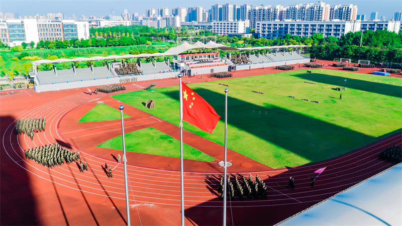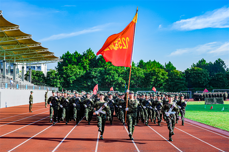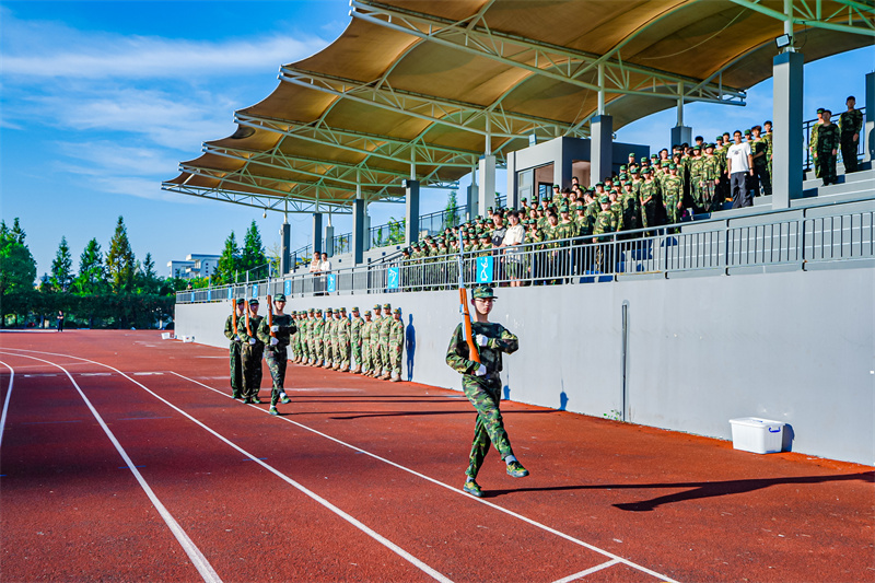 上午7时,伴随着中华人民共和国国歌《义勇军进行曲》的激昂旋律,五星红旗冉冉升起,全体人员肃立,行注目礼、高唱国歌。升旗仪式后,《分列式进行曲》奏响,军训团护旗队昂首擎旗、步伐坚定率先入场,各连队方阵紧随其后,迈着铿锵正步,依次通过主席台接受检阅,新生们以挺拔身姿、饱满精神与昂扬斗志,充分展现数日以来的军训成果与新时代青年的青春风貌。随后,军事技能展示环节有序开展,赢得现场师生阵阵掌声。
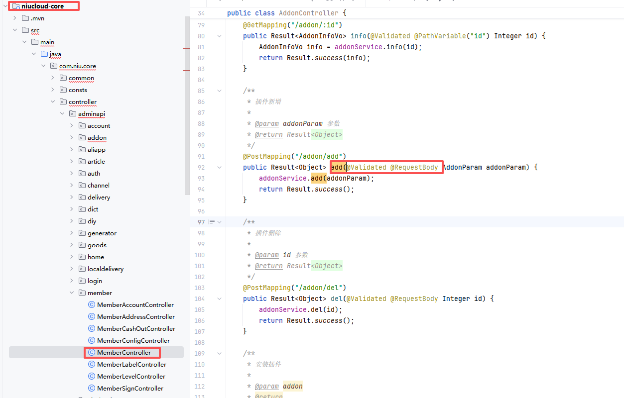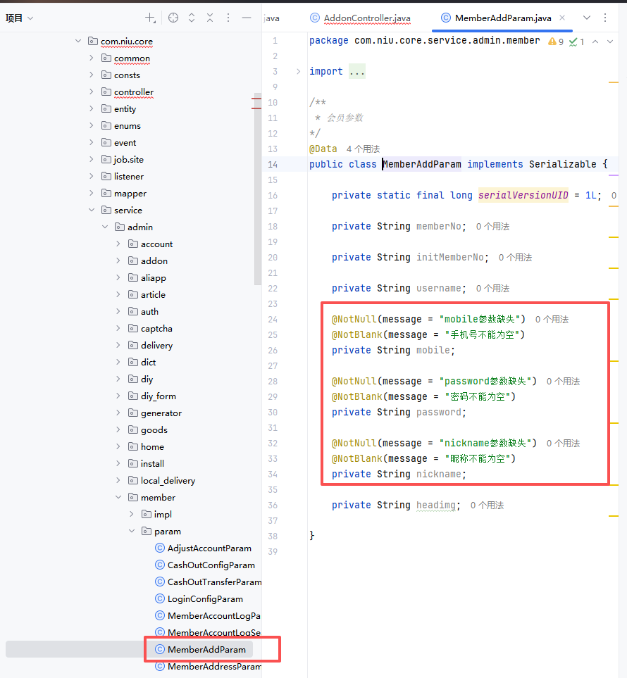 比如上述的 memberAddParam 在 service/admin/member/param 下
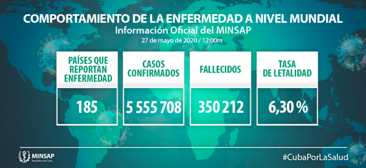 - Ciudadano cubano, de 52 años, del Municipio Habana del Este. Antecedentes de Hipertensión arterial, VIH positivo con 20 años de evolución, asma bronquial. Ingresó en Terapia Intensiva por presentar empeoramiento de su cuadro clínico. Comenzó con tos seca, falta de aire y fiebre. Se encuentra estable, afebril, ventilando espontáneamente. Estable hemodinámicamente. Rx de tórax. con discreta mejoría. Lesiones inflamatorias en ambos campos pulmonares a predominio de los 2/3 inferiores del pulmón izquierdo y el lóbulo medio del pulmón derecho. Se reporta en estado grave.Hasta el 27 de mayo se reportan 185 países con casos de COVID-19, con 5 millones 555 mil 708 casos confirmados (+ 96 mil 180) y 350 mil 212 fallecidos (+ 4 mil 218) con una letalidad de 6,30% (-0,03).En la región de las Américas se reportan 2 millones 571 mil 974 casos confirmados (+ 53 mil 122), el 46,29% del total de casos reportados en el mundo, con 149 mil 023 fallecidos (+ 2 mil 632) para una letalidad de 5,79% (-0,02).
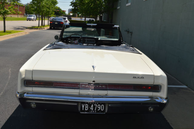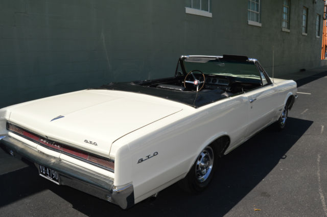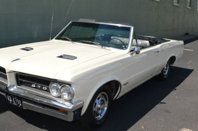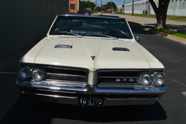 1964 PONTIAC GTO CONVERTIBLE PHS VERIFIED WHITE WITH BLACK INTERIOR IT'S THE REAL DEAL EQUIPPED WITH: 389 V8TRI-POWER CARBURETORS- ORIGINALLY 4 BARREL4 SPEED TRANSMISSION- ORIGINALLY 2 SPEED GLIDEUPGRADED POSI REAR ENDPOWER STEERING AND BRAKESPOWER TOPFACTORY TACHOMETERCONSOLESEAT BELTSAM RADIO- UPGRADED STEREO IN GLOVE BOXBOOT FOR THE TOPPONTIAC MATSSPARE AND JACKEXHAUST SPLITTER TIPSSPINNER HUBCAPSWOOD WHEEL OLDER CALIFORNIA RESTORATIONTEXAS TAG NOT INCLUDEDEXTERIOR: ORIGINAL COLOR REPAINT LOOKS GREATDOORS, HOOD, AND TRUNK FIT EXCELLENTTOP IS WORN PUT REPEALS WATER PERFECTLYGOOD GLASS AND CHROMEUNDERSIDE SHOWS ITS AGELOOKS GOOD FROM ALL ANGLESMISSING TRUNK LOCK INTERIOR: ORIGINAL SEATS AND DOOR PANELS ARE IN GOOD SHAPECARPET IS SUN FADEDWINDOWS ROLL UP AND DOWN EASILYTOP WORKS VERY CLEAN INSIDE MECHANICAL: STARTS EASILY AND RUNS SMOOTHLYSHIFTS EASILYSTOPS STRAIGHTVERY SOLID AND COMPLETELY DRIVABLE A REAL GTO- NOT A CLONE UPGRADED TO A 4 SPEED TRI-POWER HOW BAD IS THAT? PRICED TO SELL ANY QUESTIONS? PLEASE CALL DAVID WAYNE AT (214) 926-5621 THIS CAR IS FOR SALE LOCALLY. WE RESERVE THE RIGHT TO TERMINATE THIS AUCTION. > ANY QUESTIONS? PLEASE CALL DAVID WAYNE (214) 926-5621The seller shall not be responsible for the correct description, authenticity, genuineness, or defects herein, and makes no warranty in connection therewith. No allowance or set aside will be made on account of any incorrectness, imperfection, effect or damage. It is the responsibility of the buyer to have thoroughly inspected the vehicle and to have satisfied himself or herself as to the condition and value and to bid based upon that judgment solely. The seller shall and will make every reasonable effort to disclose any known defects associated with this vehicle at the buyerâs request prior to the close of the sale. Seller assumes no responsibility for any repairs regardless of any oral statements about the vehicle.We require buyer to pay $1000.00 NONREFUNDABLE deposit only with PayPal at end of auction. DAVID WAYNE ENTERPRISES LLC SOLD AS IS- NO WARRANTY
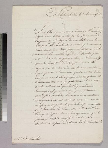 Letter : Philadelphia, to Charles-René-Dominique Sochet Destouches, 1780 January 2
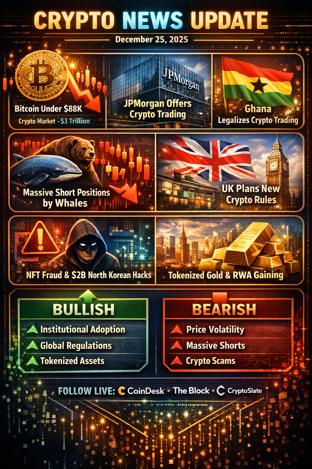 La criptovaluta nel complesso è leggermente in calo mentre l'anno volge al termine; Bitcoin è sceso sotto ~$88K con bassa liquidità nel trading festivo. I mercati sono volatili e limitati con resistenza attorno a ~$90K.
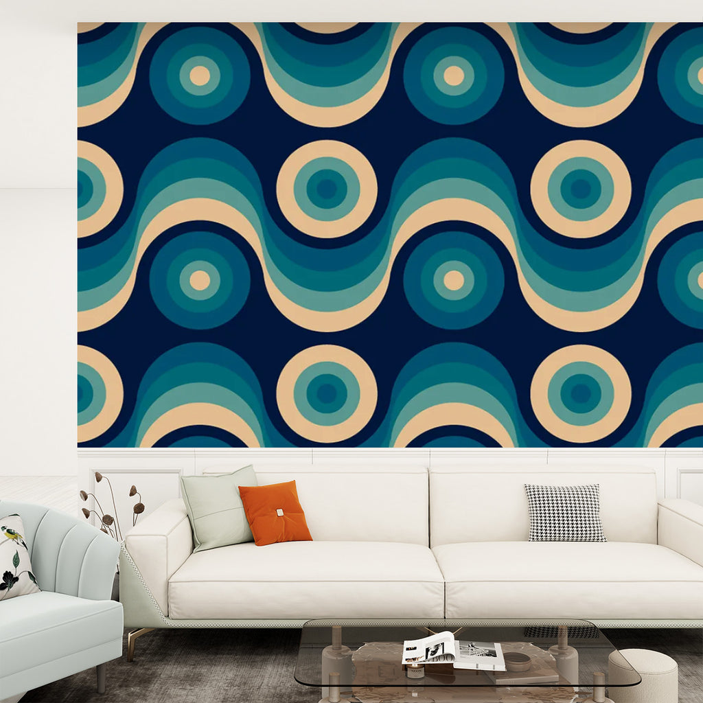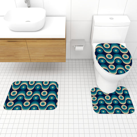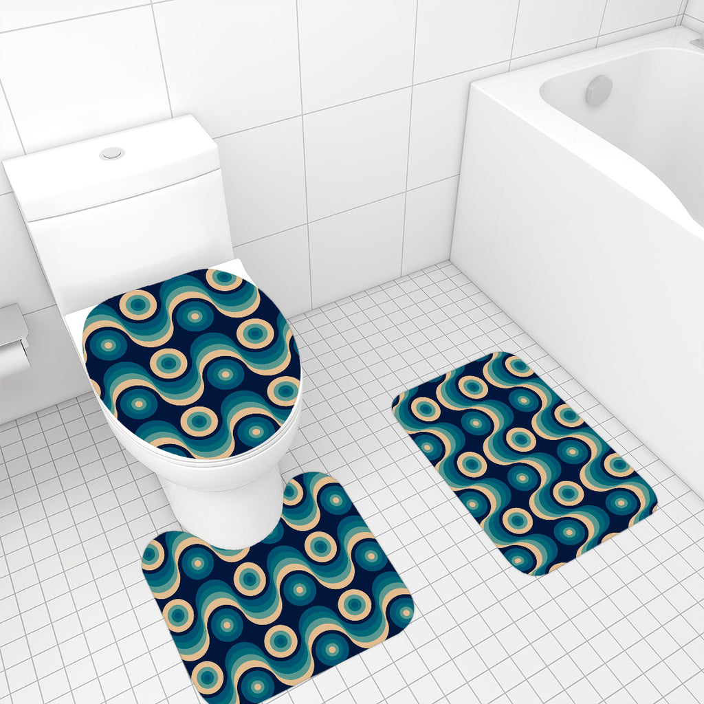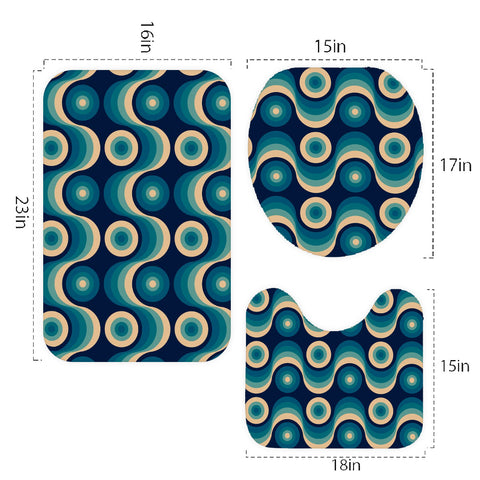 Blue Beige Vintage 70s Bath Mat Set 3pcs | Retro Midcentury Bathroom
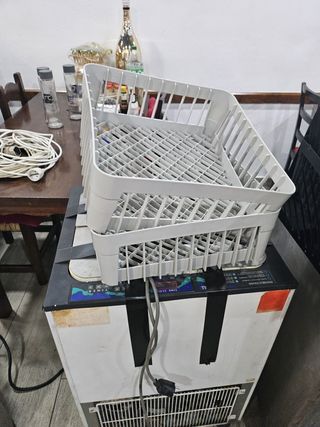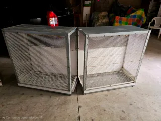 Se venden dos jaulas metálicas, ideales para pájaros o animales pequeños. Son robustas y están listas para su uso. grande y se unen por la mitad las medidas es de cada una... 90 cm largo 40cm profundidad 93cm alto - Estructura de metal. - Rejas de alambre. - Base de plástico. - Paneles laterales de plástico blanco.
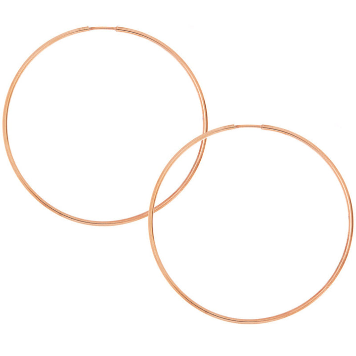 Our 65mm Rose Gold Hoop Earrings are made in sterling silver and dipped in 10K Rose Gold. They are hollow so they are light weight and comfortable to wear and the Rose Gold makes them beautifully feminine.

-- -- --

**Task instructions:** Exactly as written, repeat the lines of the material above from the first through the line holding "- Ciudadano cubano, de", with both ends in the copy and no pictures.

**Written reply:**
 上午7时,伴随着中华人民共和国国歌《义勇军进行曲》的激昂旋律,五星红旗冉冉升起,全体人员肃立,行注目礼、高唱国歌。升旗仪式后,《分列式进行曲》奏响,军训团护旗队昂首擎旗、步伐坚定率先入场,各连队方阵紧随其后,迈着铿锵正步,依次通过主席台接受检阅,新生们以挺拔身姿、饱满精神与昂扬斗志,充分展现数日以来的军训成果与新时代青年的青春风貌。随后,军事技能展示环节有序开展,赢得现场师生阵阵掌声。
 比如上述的 memberAddParam 在 service/admin/member/param 下
 - Ciudadano cubano, de 52 años, del Municipio Habana del Este. Antecedentes de Hipertensión arterial, VIH positivo con 20 años de evolución, asma bronquial. Ingresó en Terapia Intensiva por presentar empeoramiento de su cuadro clínico. Comenzó con tos seca, falta de aire y fiebre. Se encuentra estable, afebril, ventilando espontáneamente. Estable hemodinámicamente. Rx de tórax. con discreta mejoría. Lesiones inflamatorias en ambos campos pulmonares a predominio de los 2/3 inferiores del pulmón izquierdo y el lóbulo medio del pulmón derecho. Se reporta en estado grave.Hasta el 27 de mayo se reportan 185 países con casos de COVID-19, con 5 millones 555 mil 708 casos confirmados (+ 96 mil 180) y 350 mil 212 fallecidos (+ 4 mil 218) con una letalidad de 6,30% (-0,03).En la región de las Américas se reportan 2 millones 571 mil 974 casos confirmados (+ 53 mil 122), el 46,29% del total de casos reportados en el mundo, con 149 mil 023 fallecidos (+ 2 mil 632) para una letalidad de 5,79% (-0,02).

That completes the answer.